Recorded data
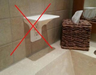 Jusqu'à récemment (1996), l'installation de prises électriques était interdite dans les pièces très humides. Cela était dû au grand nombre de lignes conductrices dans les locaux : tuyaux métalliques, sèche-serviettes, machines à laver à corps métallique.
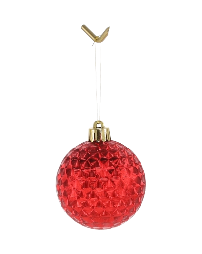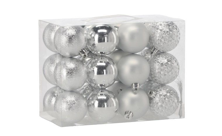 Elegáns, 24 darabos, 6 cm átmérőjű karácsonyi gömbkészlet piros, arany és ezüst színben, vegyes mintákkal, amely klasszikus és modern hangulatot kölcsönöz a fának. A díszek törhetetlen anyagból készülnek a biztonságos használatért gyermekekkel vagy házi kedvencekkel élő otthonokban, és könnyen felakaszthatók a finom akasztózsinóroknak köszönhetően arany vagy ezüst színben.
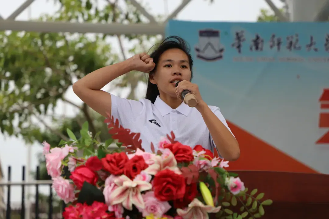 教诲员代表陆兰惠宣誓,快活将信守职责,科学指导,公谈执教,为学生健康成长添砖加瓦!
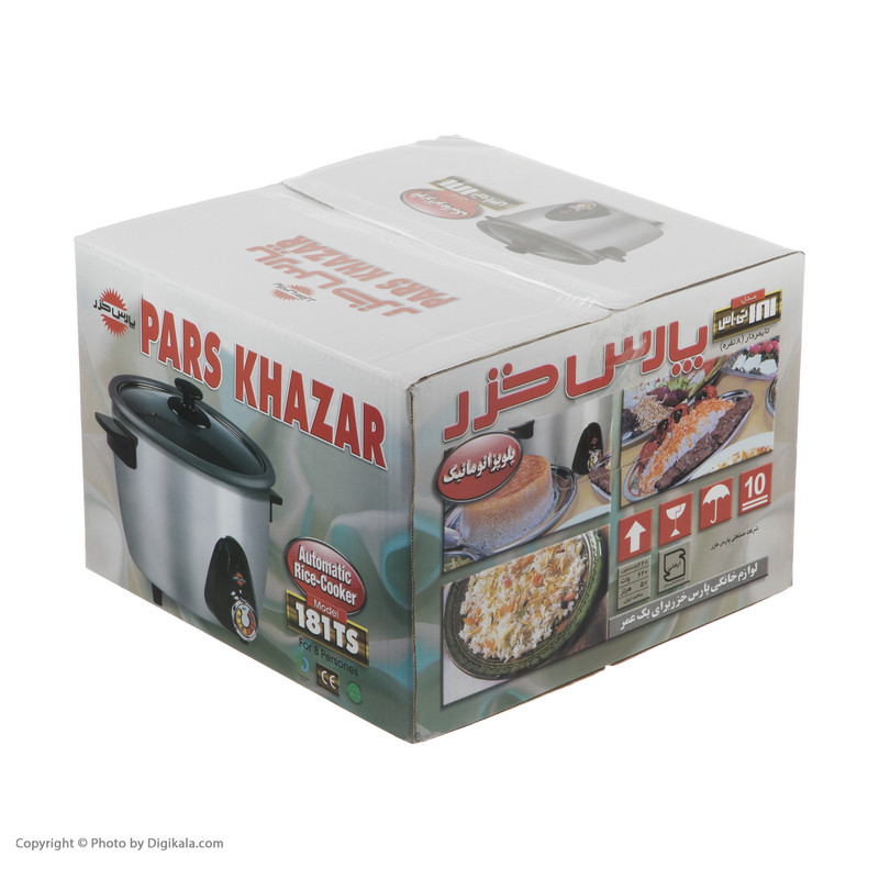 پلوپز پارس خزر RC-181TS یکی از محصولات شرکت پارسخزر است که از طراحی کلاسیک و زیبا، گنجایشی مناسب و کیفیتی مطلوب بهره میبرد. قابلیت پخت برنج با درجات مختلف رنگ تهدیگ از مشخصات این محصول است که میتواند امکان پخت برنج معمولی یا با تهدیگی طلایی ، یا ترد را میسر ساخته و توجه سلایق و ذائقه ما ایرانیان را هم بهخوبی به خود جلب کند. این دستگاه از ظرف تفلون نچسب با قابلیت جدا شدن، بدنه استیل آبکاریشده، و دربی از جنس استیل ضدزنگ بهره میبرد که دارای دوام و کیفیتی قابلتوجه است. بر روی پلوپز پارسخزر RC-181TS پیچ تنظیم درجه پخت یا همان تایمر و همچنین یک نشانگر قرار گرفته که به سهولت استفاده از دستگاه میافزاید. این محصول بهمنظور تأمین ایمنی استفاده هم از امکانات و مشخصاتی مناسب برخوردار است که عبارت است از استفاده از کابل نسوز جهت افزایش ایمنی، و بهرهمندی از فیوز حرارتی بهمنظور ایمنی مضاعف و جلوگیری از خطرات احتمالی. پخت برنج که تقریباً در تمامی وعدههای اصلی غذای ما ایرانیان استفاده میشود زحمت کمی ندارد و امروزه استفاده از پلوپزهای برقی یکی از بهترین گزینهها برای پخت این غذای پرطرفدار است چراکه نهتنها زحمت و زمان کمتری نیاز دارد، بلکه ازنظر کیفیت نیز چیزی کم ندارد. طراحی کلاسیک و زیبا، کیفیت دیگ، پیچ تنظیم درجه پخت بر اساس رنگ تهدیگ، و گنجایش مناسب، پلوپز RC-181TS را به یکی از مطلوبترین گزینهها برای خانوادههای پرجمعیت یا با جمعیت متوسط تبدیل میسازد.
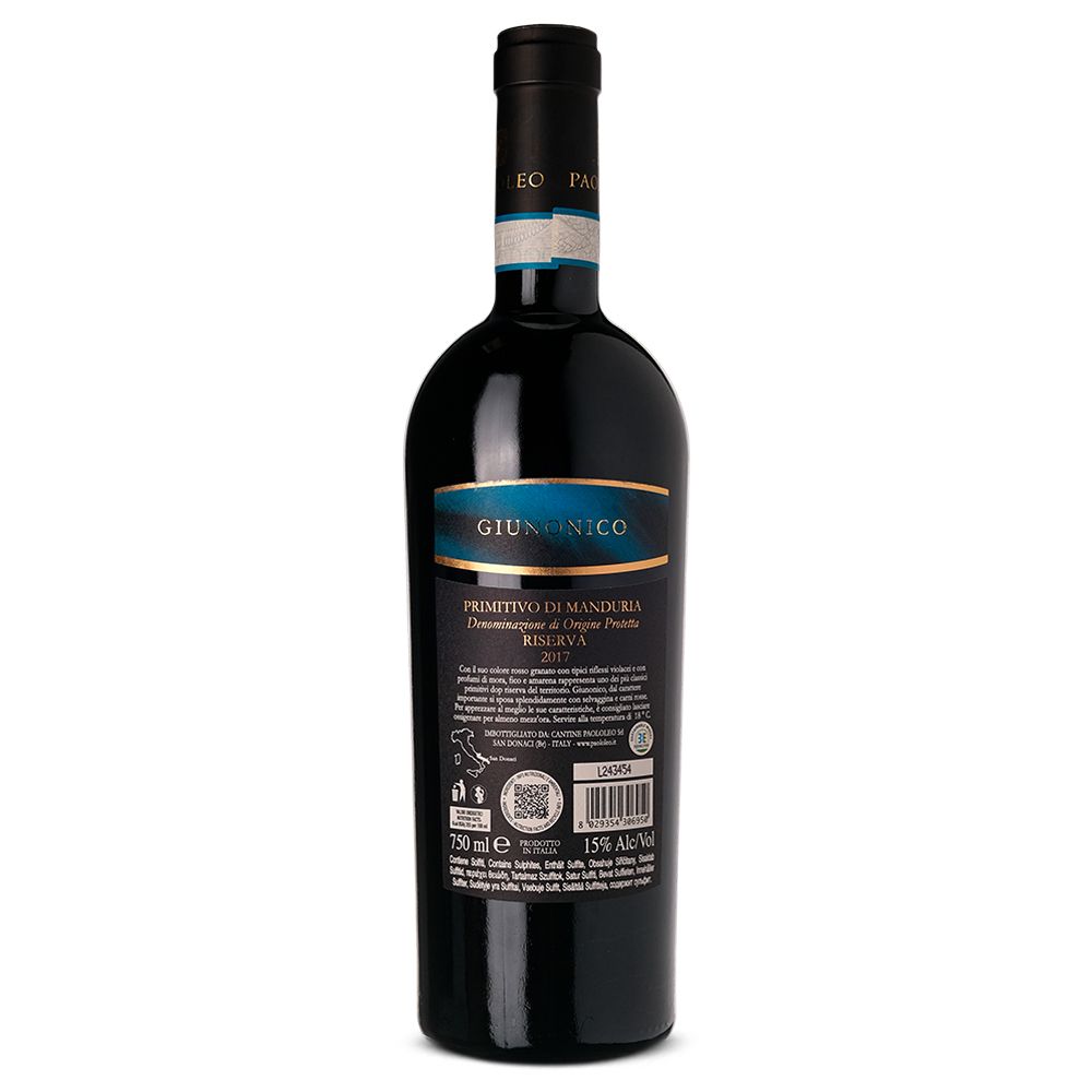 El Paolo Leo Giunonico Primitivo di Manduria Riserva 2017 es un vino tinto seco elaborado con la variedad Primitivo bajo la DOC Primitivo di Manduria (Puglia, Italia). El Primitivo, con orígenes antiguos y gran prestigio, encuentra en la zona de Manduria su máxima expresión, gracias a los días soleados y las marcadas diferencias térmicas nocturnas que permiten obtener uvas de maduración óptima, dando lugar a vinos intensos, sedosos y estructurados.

*Your goal*: Excluding pictures, print all lines above exactly.

*Output*:
 Jusqu'à récemment (1996), l'installation de prises électriques était interdite dans les pièces très humides. Cela était dû au grand nombre de lignes conductrices dans les locaux : tuyaux métalliques, sèche-serviettes, machines à laver à corps métallique.
 Elegáns, 24 darabos, 6 cm átmérőjű karácsonyi gömbkészlet piros, arany és ezüst színben, vegyes mintákkal, amely klasszikus és modern hangulatot kölcsönöz a fának. A díszek törhetetlen anyagból készülnek a biztonságos használatért gyermekekkel vagy házi kedvencekkel élő otthonokban, és könnyen felakaszthatók a finom akasztózsinóroknak köszönhetően arany vagy ezüst színben.
 教诲员代表陆兰惠宣誓,快活将信守职责,科学指导,公谈执教,为学生健康成长添砖加瓦!
 پلوپز پارس خزر RC-181TS یکی از محصولات شرکت پارسخزر است که از طراحی کلاسیک و زیبا، گنجایشی مناسب و کیفیتی مطلوب بهره میبرد. قابلیت پخت برنج با درجات مختلف رنگ تهدیگ از مشخصات این محصول است که میتواند امکان پخت برنج معمولی یا با تهدیگی طلایی ، یا ترد را میسر ساخته و توجه سلایق و ذائقه ما ایرانیان را هم بهخوبی به خود جلب کند. این دستگاه از ظرف تفلون نچسب با قابلیت جدا شدن، بدنه استیل آبکاریشده، و دربی از جنس استیل ضدزنگ بهره میبرد که دارای دوام و کیفیتی قابلتوجه است. بر روی پلوپز پارسخزر RC-181TS پیچ تنظیم درجه پخت یا همان تایمر و همچنین یک نشانگر قرار گرفته که به سهولت استفاده از دستگاه میافزاید. این محصول بهمنظور تأمین ایمنی استفاده هم از امکانات و مشخصاتی مناسب برخوردار است که عبارت است از استفاده از کابل نسوز جهت افزایش ایمنی، و بهرهمندی از فیوز حرارتی بهمنظور ایمنی مضاعف و جلوگیری از خطرات احتمالی. پخت برنج که تقریباً در تمامی وعدههای اصلی غذای ما ایرانیان استفاده میشود زحمت کمی ندارد و امروزه استفاده از پلوپزهای برقی یکی از بهترین گزینهها برای پخت این غذای پرطرفدار است چراکه نهتنها زحمت و زمان کمتری نیاز دارد، بلکه ازنظر کیفیت نیز چیزی کم ندارد. طراحی کلاسیک و زیبا، کیفیت دیگ، پیچ تنظیم درجه پخت بر اساس رنگ تهدیگ، و گنجایش مناسب، پلوپز RC-181TS را به یکی از مطلوبترین گزینهها برای خانوادههای پرجمعیت یا با جمعیت متوسط تبدیل میسازد.
 El Paolo Leo Giunonico Primitivo di Manduria Riserva 2017 es un vino tinto seco elaborado con la variedad Primitivo bajo la DOC Primitivo di Manduria (Puglia, Italia). El Primitivo, con orígenes antiguos y gran prestigio, encuentra en la zona de Manduria su máxima expresión, gracias a los días soleados y las marcadas diferencias térmicas nocturnas que permiten obtener uvas de maduración óptima, dando lugar a vinos intensos, sedosos y estructurados.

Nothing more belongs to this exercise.